[Users] flashcache
Pavel Odintsov
pavel.odintsov at gmail.com
Thu Jul 10 03:25:52 PDT 2014
Thank you for your answers! It's really useful information.
On Thu, Jul 10, 2014 at 2:08 PM, Pavel Snajdr <lists at snajpa.net> wrote:
> On 07/10/2014 11:35 AM, Pavel Odintsov wrote:
>>> Not true, IO limits are working as they should (if we're talking vzctl
>>> set --iolimit/--iopslimit). I've kicked the ZoL guys around to add IO
>>> accounting support, so it is there.
>>
>> You can share tests with us? For standard folders like simfs this
>> limits works bad in big number of cases
>
> If you can give me concrete tests to run, sure, I'm curious to see if
> you're right - then we'd have something concrete to fix :)
>
>>
>>> How? ZFS doesn't have a limit on number of files (2^48 isn't a limit really)
>>
>> It's ok when your customer create 1 billion of small files on 10GB VPS
>> and you will try to archive it for backup? On slow disk system it's
>> really nightmare because a lot of disk operations which kills your
>> I/O.
>
> zfs snapshot <dataset>@<snapname>
> zfs send <dataset>@<snapname> > your-file or | ssh backuper zfs recv
> <backupdataset>
>
> That's done on block level.

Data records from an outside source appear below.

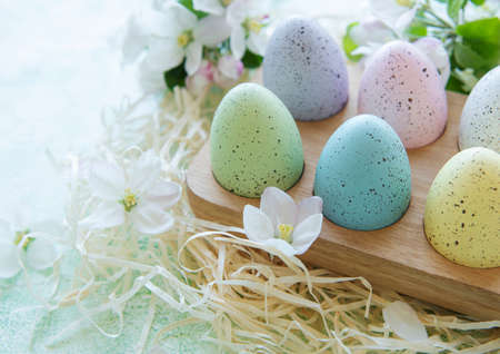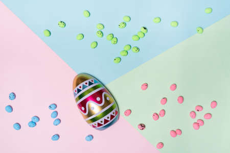 holiday preparation Multi colors Easter eggs on colored background . Pastel color Easter eggs. holiday concept with copy space.
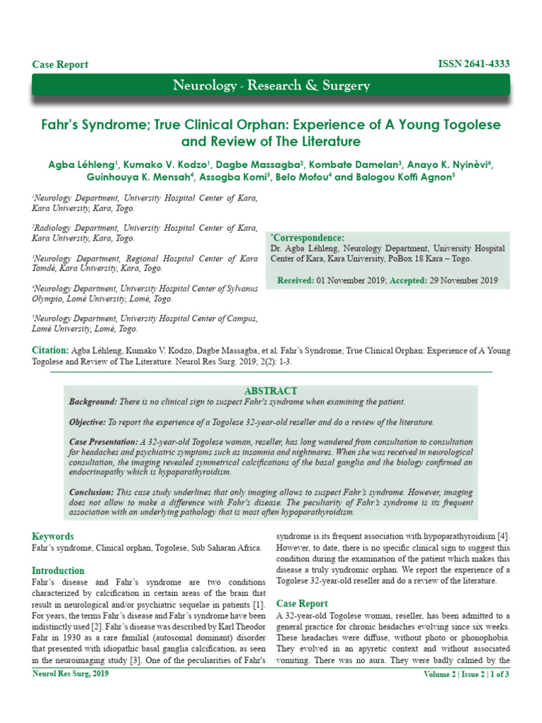 Fahr s Syndrome True Clinical Orphan: Experience of A Young Togolese
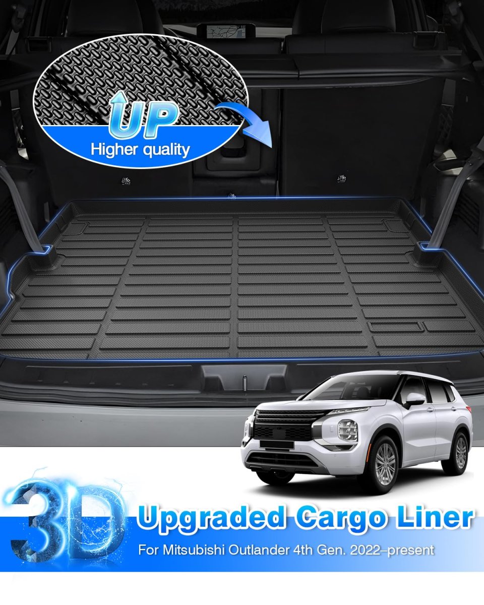Outlander Accessories -- The trunk liner is designed for the Mitsubishi Outlander PHEV 2023 2024 2025 2026 based on correct vehicle information, no need for trimming. Adopts 3D screening technology to capture every corner and crevice to offer perfect fit and coverage.. New & Upgraded Materials -- The Outlander cargo liner is made of new materials TPE, which is eco-friendly, non-toxic and odorless. It can be used even at a temperature of 122F, is more temperature resistant than PVC, 100% safe for your family.. Scratch Resistance-- High-density TPE materials ensure high elasticity to make the Outlander cargo liner wear-resistant, scratch-resistant, and durable. It will not deform, harden, or break under extreme weather, but remains flexible and resilient.. Built for Protection-- The groove design of the Outlander cargo liner, forms channels to collect water, mud, snow, debris, etc, with the raised edge to avoid leakage, providing all weather protection. The anti-slip texture also helps prevent cargo from moving when driving and protects your car's trunk.. Easy to Clean -- The Outlander cargo liner is waterproof, when it's dirty, you just need 3 seconds to rinse it with water and wipe it with a towel, then it will become dried and new soon..Other fine products

No need to run rsync anymore, it's a lot
> faster this way.
>
>>
>>> Why? ZFS send/receive is able to do bit-by-bit identical copy of the FS,
>>> I thought the point of migration is to don't have the CT notice any
>>> change, I don't see why the inode numbers should change.
>>
>> Do you have really working zero downtime vzmigrate on ZFS?
>
> Nope, vzmigrate isn't zero downtime. Due to vzctl/vzmigrate not
> supporting ZFS, we're implementing this our own way in vpsAdmin, which
> in it's 2.0 re-implementation will go opensource under GPL.
>
>>
>>> How exactly? I haven't seen a problem with any userspace software, other
>>> than MySQL default setting to AIO (it fallbacks to older method), which
>>> ZFS doesn't support (*yet*, they have it in their plans).
>>
>> I speaks about MySQL primarily. I have thousands of containers and I
>> can tune MySQL for another mode for all customers, it's impossible.
>
> As I said, this is under development and will improve.
>
>>
>>> L2ARC cache really smart
>>
>> Yep, fine, I knew. But can you account L2ARC cache usage per customer?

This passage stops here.